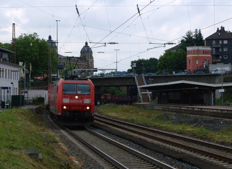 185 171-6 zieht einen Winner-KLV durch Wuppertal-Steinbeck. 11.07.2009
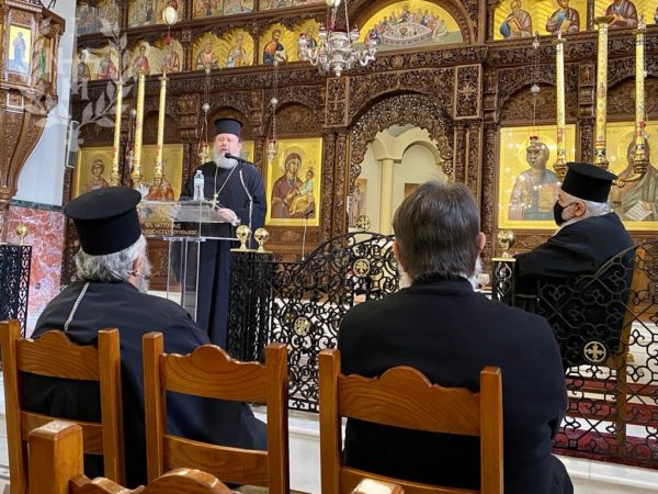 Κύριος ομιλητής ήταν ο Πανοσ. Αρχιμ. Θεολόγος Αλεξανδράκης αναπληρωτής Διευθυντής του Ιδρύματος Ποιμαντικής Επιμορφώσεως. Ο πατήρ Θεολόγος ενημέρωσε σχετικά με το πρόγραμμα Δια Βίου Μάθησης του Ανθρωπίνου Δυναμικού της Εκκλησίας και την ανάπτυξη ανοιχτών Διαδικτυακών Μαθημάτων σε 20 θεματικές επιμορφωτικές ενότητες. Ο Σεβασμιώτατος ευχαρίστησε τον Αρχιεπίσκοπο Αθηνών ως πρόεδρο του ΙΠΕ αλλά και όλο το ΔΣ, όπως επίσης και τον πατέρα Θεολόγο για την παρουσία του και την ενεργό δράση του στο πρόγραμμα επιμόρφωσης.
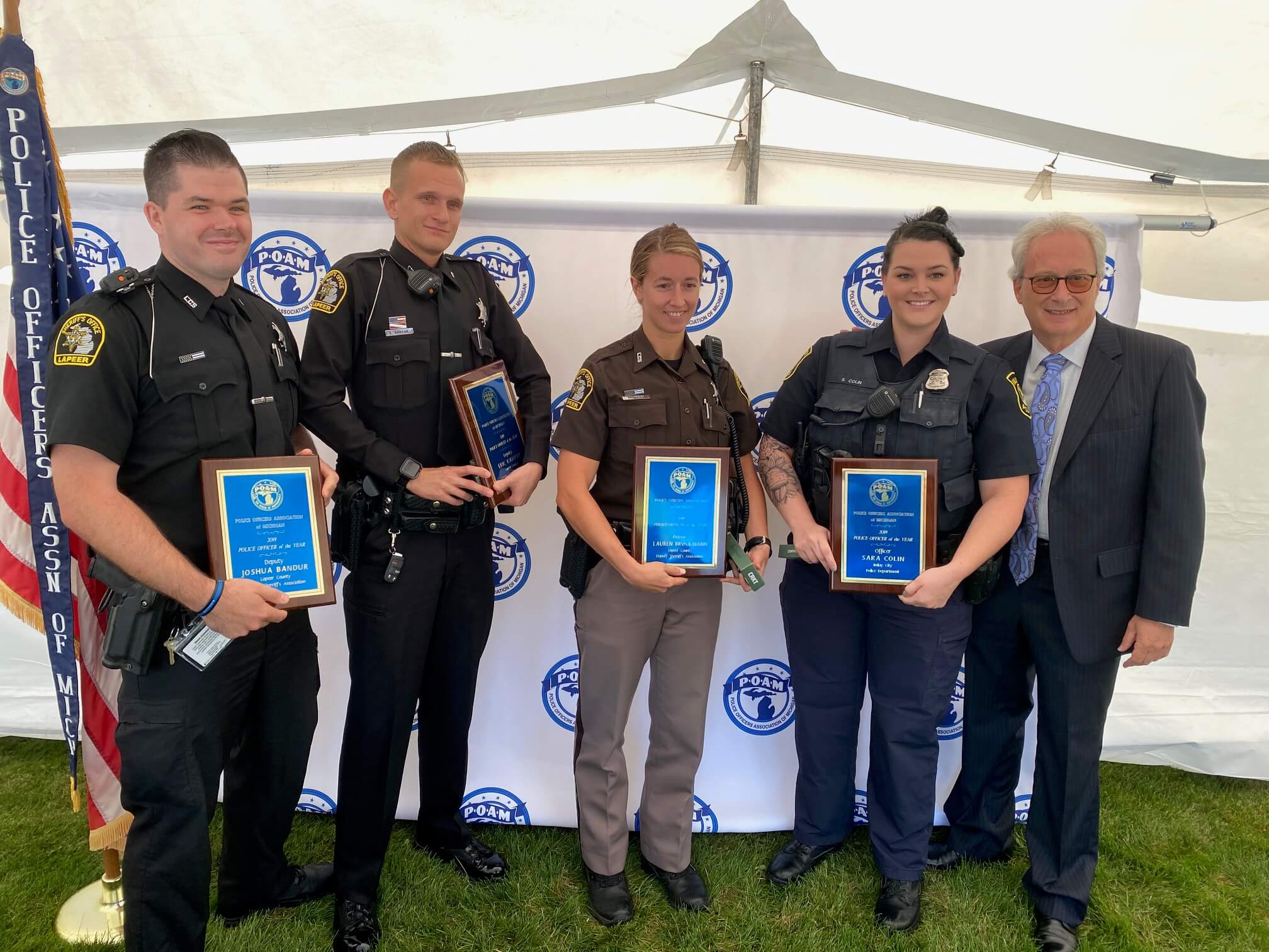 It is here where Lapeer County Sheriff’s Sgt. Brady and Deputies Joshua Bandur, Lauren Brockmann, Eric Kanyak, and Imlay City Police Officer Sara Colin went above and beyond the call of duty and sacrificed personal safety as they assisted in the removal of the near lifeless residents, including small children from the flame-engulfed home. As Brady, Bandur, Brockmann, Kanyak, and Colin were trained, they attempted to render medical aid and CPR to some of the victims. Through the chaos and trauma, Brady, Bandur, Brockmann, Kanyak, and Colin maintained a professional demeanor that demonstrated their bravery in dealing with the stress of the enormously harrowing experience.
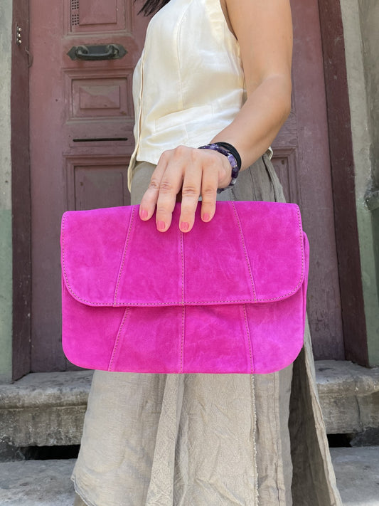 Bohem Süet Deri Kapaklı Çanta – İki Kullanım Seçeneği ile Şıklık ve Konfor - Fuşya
...
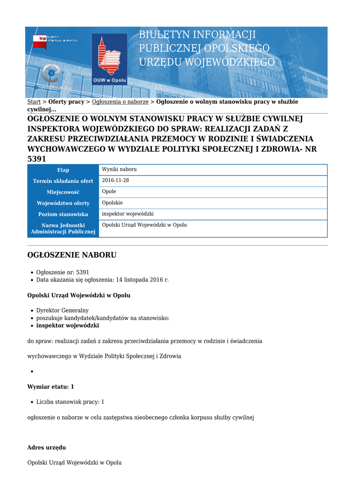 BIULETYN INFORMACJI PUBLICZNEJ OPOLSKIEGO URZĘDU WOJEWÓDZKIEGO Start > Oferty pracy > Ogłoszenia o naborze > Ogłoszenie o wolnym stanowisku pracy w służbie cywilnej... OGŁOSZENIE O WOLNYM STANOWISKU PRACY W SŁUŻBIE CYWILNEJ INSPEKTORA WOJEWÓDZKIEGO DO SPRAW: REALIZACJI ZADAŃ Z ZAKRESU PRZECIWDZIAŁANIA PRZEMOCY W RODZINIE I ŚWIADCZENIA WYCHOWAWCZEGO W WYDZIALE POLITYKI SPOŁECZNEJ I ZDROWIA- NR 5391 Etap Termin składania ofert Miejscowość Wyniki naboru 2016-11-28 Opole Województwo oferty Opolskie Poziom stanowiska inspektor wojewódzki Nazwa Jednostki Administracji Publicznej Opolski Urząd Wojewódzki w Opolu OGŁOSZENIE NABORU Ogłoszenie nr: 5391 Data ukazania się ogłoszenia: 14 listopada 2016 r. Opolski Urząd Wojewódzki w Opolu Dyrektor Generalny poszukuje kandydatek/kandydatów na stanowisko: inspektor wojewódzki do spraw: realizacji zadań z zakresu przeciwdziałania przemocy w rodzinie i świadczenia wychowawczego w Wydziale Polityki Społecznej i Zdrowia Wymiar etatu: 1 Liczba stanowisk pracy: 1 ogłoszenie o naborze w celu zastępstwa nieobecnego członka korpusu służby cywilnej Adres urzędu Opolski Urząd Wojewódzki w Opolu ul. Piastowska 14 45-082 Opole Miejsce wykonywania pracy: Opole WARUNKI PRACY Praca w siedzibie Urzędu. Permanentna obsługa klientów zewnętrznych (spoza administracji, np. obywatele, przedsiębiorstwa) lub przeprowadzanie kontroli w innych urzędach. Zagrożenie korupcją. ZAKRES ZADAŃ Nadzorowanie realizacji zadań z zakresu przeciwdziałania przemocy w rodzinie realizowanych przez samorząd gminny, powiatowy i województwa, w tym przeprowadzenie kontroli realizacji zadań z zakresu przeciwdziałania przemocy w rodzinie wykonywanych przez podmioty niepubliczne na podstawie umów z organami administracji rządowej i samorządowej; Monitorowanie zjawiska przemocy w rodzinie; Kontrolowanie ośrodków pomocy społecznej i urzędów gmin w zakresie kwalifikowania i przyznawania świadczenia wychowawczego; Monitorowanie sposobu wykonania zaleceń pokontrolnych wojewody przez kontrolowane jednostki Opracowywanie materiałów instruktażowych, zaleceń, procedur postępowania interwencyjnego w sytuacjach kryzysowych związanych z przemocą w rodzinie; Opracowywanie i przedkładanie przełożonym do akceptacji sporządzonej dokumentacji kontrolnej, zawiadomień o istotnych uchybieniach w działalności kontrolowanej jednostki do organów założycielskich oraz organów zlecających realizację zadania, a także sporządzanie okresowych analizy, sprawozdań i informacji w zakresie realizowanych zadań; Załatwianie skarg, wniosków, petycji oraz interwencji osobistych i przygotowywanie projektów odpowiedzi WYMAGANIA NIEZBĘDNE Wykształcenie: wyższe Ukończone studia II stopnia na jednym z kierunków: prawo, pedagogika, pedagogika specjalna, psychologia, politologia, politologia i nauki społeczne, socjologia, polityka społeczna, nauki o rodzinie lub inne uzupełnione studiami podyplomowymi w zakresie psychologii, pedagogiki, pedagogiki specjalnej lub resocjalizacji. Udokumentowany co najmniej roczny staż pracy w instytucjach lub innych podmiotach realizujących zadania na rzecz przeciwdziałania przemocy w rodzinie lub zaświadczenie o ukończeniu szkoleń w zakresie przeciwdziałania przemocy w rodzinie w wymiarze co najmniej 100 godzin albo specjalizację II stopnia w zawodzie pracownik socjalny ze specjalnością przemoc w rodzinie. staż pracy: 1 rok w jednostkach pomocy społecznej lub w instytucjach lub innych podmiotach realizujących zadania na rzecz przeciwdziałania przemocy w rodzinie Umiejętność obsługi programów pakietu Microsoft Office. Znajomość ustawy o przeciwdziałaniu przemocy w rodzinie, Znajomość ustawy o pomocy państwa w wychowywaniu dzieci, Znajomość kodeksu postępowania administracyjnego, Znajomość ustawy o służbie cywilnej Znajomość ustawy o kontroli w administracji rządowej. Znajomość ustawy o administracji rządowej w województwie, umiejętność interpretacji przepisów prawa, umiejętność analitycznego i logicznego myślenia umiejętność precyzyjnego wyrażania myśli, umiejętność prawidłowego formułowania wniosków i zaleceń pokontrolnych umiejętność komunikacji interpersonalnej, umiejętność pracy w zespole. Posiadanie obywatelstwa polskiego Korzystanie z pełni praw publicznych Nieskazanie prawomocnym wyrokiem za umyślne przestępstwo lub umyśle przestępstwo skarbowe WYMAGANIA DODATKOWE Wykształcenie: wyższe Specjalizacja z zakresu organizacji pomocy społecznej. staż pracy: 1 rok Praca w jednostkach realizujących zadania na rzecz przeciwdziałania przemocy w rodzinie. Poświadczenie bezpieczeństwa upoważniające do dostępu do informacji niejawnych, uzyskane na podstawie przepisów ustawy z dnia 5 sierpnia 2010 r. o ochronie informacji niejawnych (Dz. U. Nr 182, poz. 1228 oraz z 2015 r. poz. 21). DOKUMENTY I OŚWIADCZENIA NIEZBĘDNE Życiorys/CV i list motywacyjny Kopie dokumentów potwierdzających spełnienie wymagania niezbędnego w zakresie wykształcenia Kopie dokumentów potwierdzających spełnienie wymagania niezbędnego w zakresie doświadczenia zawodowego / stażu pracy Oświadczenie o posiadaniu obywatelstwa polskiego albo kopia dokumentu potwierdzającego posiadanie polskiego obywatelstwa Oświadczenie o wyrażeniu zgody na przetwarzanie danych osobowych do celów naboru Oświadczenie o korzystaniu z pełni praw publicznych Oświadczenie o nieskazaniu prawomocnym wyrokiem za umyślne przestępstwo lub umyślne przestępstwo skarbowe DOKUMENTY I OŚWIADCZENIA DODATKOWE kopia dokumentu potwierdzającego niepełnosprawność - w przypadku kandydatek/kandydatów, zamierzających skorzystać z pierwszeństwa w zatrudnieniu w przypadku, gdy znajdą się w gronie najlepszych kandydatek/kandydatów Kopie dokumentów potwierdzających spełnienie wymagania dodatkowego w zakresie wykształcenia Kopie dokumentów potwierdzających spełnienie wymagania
==
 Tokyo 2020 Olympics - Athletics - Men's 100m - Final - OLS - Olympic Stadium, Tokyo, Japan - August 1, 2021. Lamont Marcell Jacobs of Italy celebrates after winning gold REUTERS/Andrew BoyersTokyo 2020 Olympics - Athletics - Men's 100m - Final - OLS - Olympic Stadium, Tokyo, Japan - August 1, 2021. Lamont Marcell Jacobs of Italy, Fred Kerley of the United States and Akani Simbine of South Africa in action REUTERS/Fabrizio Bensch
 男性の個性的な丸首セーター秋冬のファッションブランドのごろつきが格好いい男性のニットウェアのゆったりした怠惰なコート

▶ _Assigned task_
Out of the records above, set down only the lines from the one that contains "185 171-6 zieht" through the one that contains "Bohem Süet Deri", unchanged and without the pictures.

▶ _Output of the exercise_
 185 171-6 zieht einen Winner-KLV durch Wuppertal-Steinbeck. 11.07.2009
 Κύριος ομιλητής ήταν ο Πανοσ. Αρχιμ. Θεολόγος Αλεξανδράκης αναπληρωτής Διευθυντής του Ιδρύματος Ποιμαντικής Επιμορφώσεως. Ο πατήρ Θεολόγος ενημέρωσε σχετικά με το πρόγραμμα Δια Βίου Μάθησης του Ανθρωπίνου Δυναμικού της Εκκλησίας και την ανάπτυξη ανοιχτών Διαδικτυακών Μαθημάτων σε 20 θεματικές επιμορφωτικές ενότητες. Ο Σεβασμιώτατος ευχαρίστησε τον Αρχιεπίσκοπο Αθηνών ως πρόεδρο του ΙΠΕ αλλά και όλο το ΔΣ, όπως επίσης και τον πατέρα Θεολόγο για την παρουσία του και την ενεργό δράση του στο πρόγραμμα επιμόρφωσης.
 It is here where Lapeer County Sheriff’s Sgt. Brady and Deputies Joshua Bandur, Lauren Brockmann, Eric Kanyak, and Imlay City Police Officer Sara Colin went above and beyond the call of duty and sacrificed personal safety as they assisted in the removal of the near lifeless residents, including small children from the flame-engulfed home. As Brady, Bandur, Brockmann, Kanyak, and Colin were trained, they attempted to render medical aid and CPR to some of the victims. Through the chaos and trauma, Brady, Bandur, Brockmann, Kanyak, and Colin maintained a professional demeanor that demonstrated their bravery in dealing with the stress of the enormously harrowing experience.
 Bohem Süet Deri Kapaklı Çanta – İki Kullanım Seçeneği ile Şıklık ve Konfor - Fuşya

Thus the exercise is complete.